Records for this task ::
* * * * *
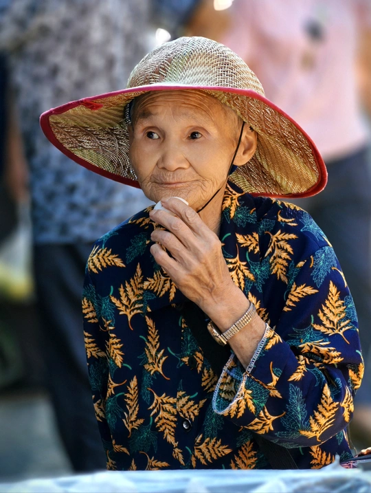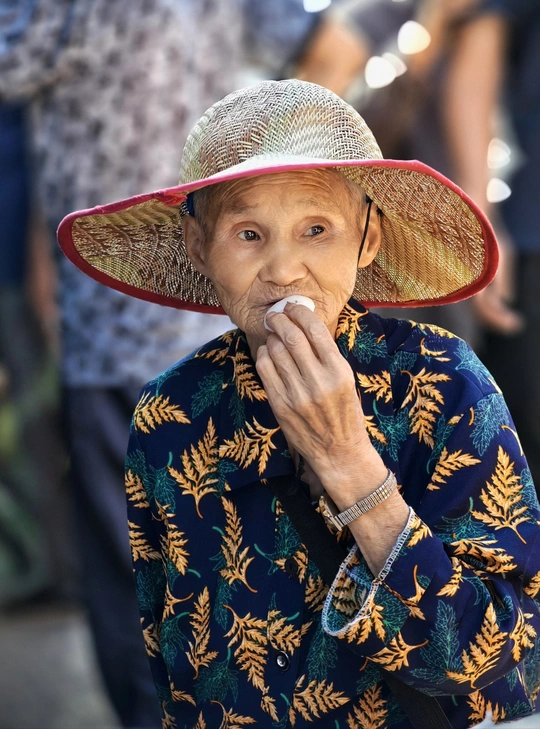 市井之间,温情满满。老奶奶手拿糕点,在乡镇集市赶场的喧嚣中享受一份简单的快乐。
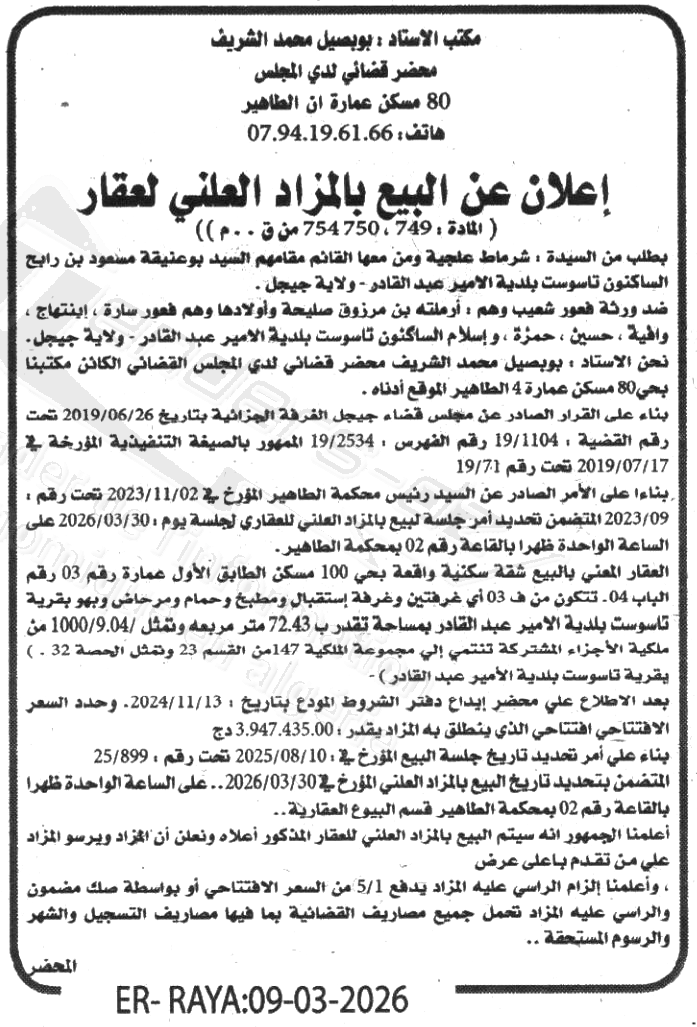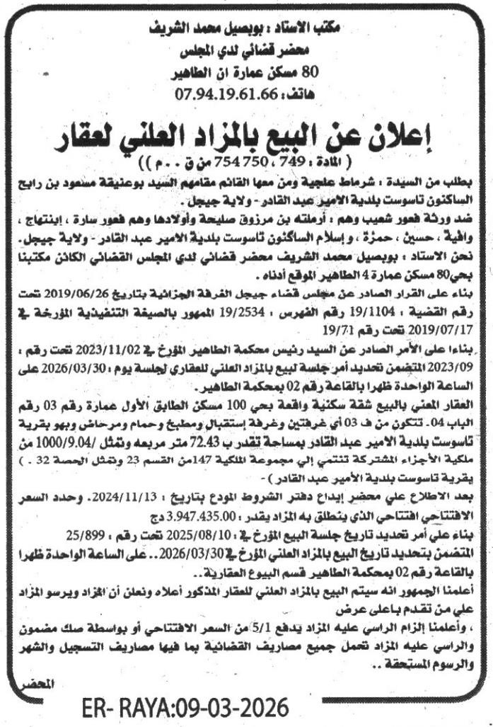 Il sera procédé à la vente au plus offrant et dernier enchérisseur le :
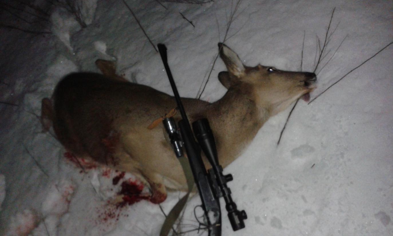 Несколько напрягала погода, температура просто ажур, но вьюжило... Снег лепил глаза. В загоне 2 человека + 2 собачки. Стрелков 7 человек. Получилось всего два загона, первый короткий - проглядели выход зверя. Второй очень длинный, случился подранок - лёгкий, но собаки ушли за зверем. Пришлось искать, добирать. Удалось только в 18.30 - было уже темно, но четвероногие молодцы. Сработали на славу. Держали до подхода охотников. Добрали практически в упор с 15-20м. картечью - 8,5 мм... Результат - подсвинок 65 - 70 кг. Спасибо всем участникам охоты. До встречи...
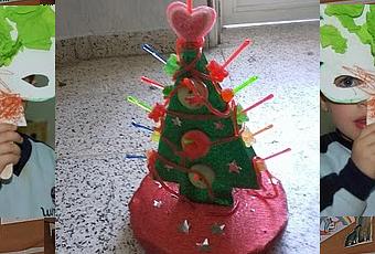 Esta manualidad les gusta mucho a los niños aunque implica mucha atención y vigilancia por parte de los adultos, pues sino terminan comiéndose todo el material.Se trata de forrar de papel una base (en este caso de corcho) y una figura la que se desee , en este caso es un árbol de Navidad con motivo de esas fiestas, pero se puede variar según el momento del curso en el que nos encontremos.
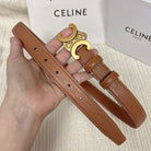 Medium Triomphe Belt 25mm Tan Calfskin White Line Finishing Gold Finishing
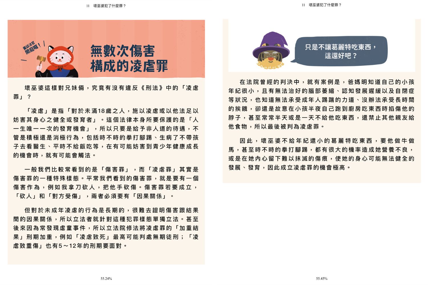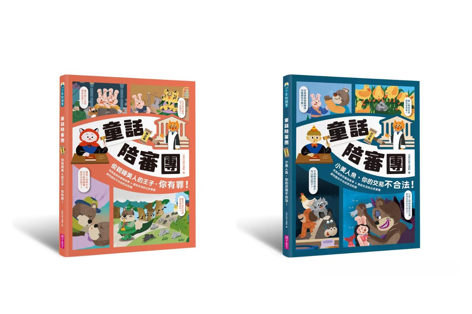 這套書的第一冊講刑法、第二冊是民法。每本都有二十篇,各章以不同的童話或故事場景為主題。
* * * * *
Exercise :: The response should consist of the lines above from the first through the one containing "Il sera procédé", transcribed exactly, with every picture left out.

Reply ::
 市井之间,温情满满。老奶奶手拿糕点,在乡镇集市赶场的喧嚣中享受一份简单的快乐。
 Il sera procédé à la vente au plus offrant et dernier enchérisseur le :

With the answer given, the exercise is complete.